13.5
Discussion
Pruning algorithms have been proposed as a way to exploit
the learning advantages of larger systems while avoiding overfitting problems.
Many of the methods listed either calculate the sensitivity of the error to the
removal of elements or add terms to the error function that favor smaller
networks.
A disadvantage of most of the sensitivity methods is that they do
not detect correlated elements. The sensitivities are estimated under the
assumption that Wij is the only
weight to be deleted (or node i is the only
node to be deleted). After the first element is removed, the remaining
sensitivities are not necessarily valid for the smaller network. An extreme
example is two nodes whose effects cancel at the output. As a pair they have no
effect on the output, but each has a strong effect individually so neither will
be removed. Partially correlated nodes are a less extreme but more common
example. The optimal brain surgeon method, which uses the full Hessian, is
better able to deal with correlated weights.
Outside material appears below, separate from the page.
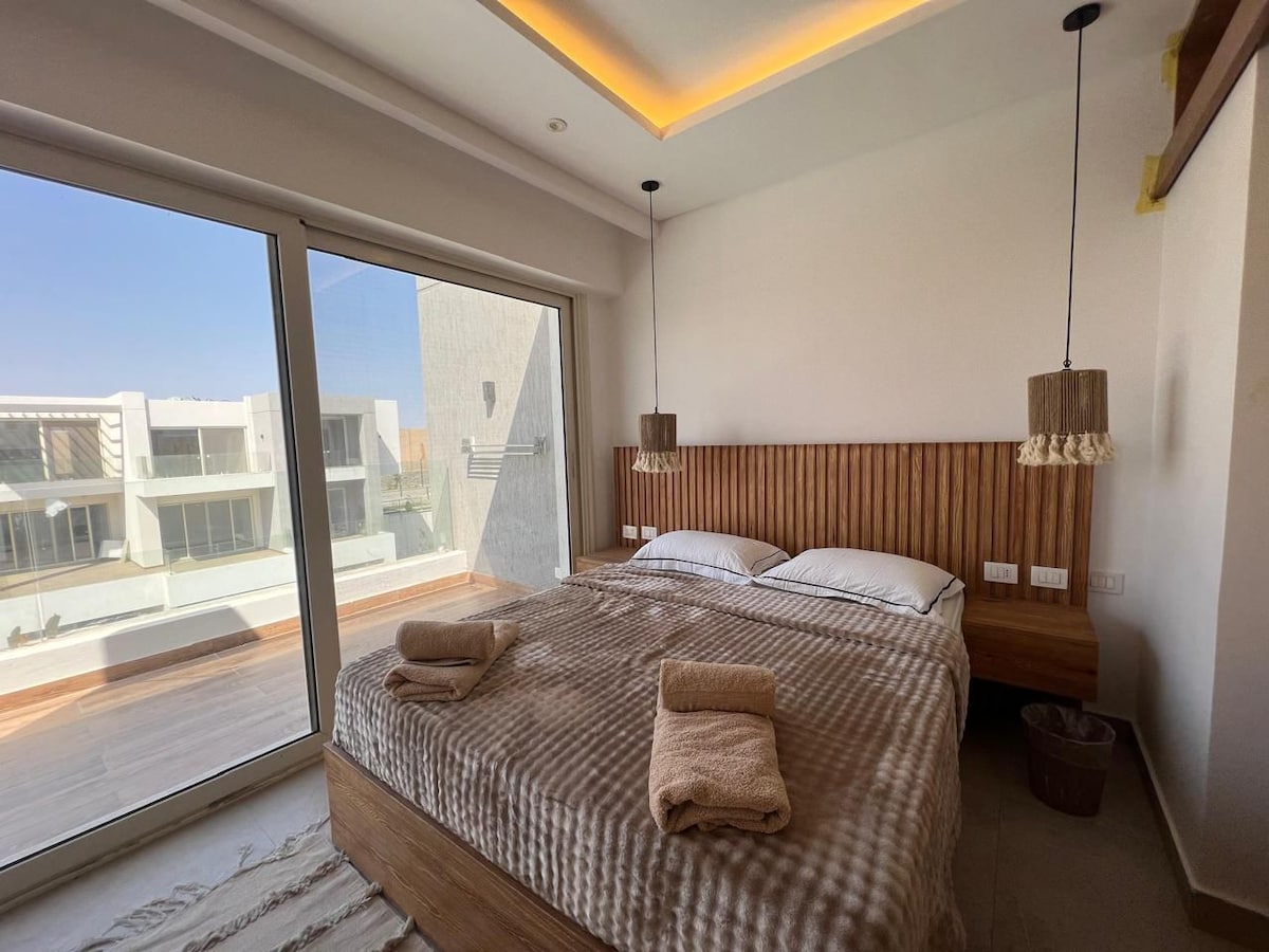 Gaudeix d'unes vistes impressionants al mar a Mangroovy, a El Gouna. Amb accés gratuït a la platja, piscines increïbles i fins i tot avistament de dofins a prop, és ideal tant per relaxar-se com per a l'aventura. A pocs minuts de tres ports esportius, estaràs envoltat de platges de sorra, esculls de corall i kitesurf de primer nivell. El pis està situat en una comunitat tancada i segura a prop de restaurants, cafeteries, botigues i vida nocturna. Tant si vols nedar, gaudir d'esports aquàtics o explorar El Gouna, tot és a poca distància a peu.

In the original problem, there is the question of when to stop
training. With pruning algorithms, there is the similar question of when to stop
pruning. If separate training and validation sets are available, the choice may
be clear; if not, it may be somewhat arbitrary. Sensitivity methods delete
elements with the smallest sensitivities first and there may be a natural
stopping point where the sensitivity jumps suddenly. Penalty-term methods
control the amount of pruning by balancing the scaling factors of the error
terms. This choice may be tricky, however, if it must be made before training
begins, so some methods control these parameters dynamically. A compensating
advantage of the penalty-term methods is that training and pruning are
effectively done in parallel so the network can adapt to minimize errors
introduced by pruning.
Although pruning and penalty term methods may often be faster than
searching for and training a minimum size network, they do not necessarily
reduce training times because larger networks may take longer to train due to
sheer size and pruning takes some time itself. The goal, however, is improved
generalization rather than the training speed.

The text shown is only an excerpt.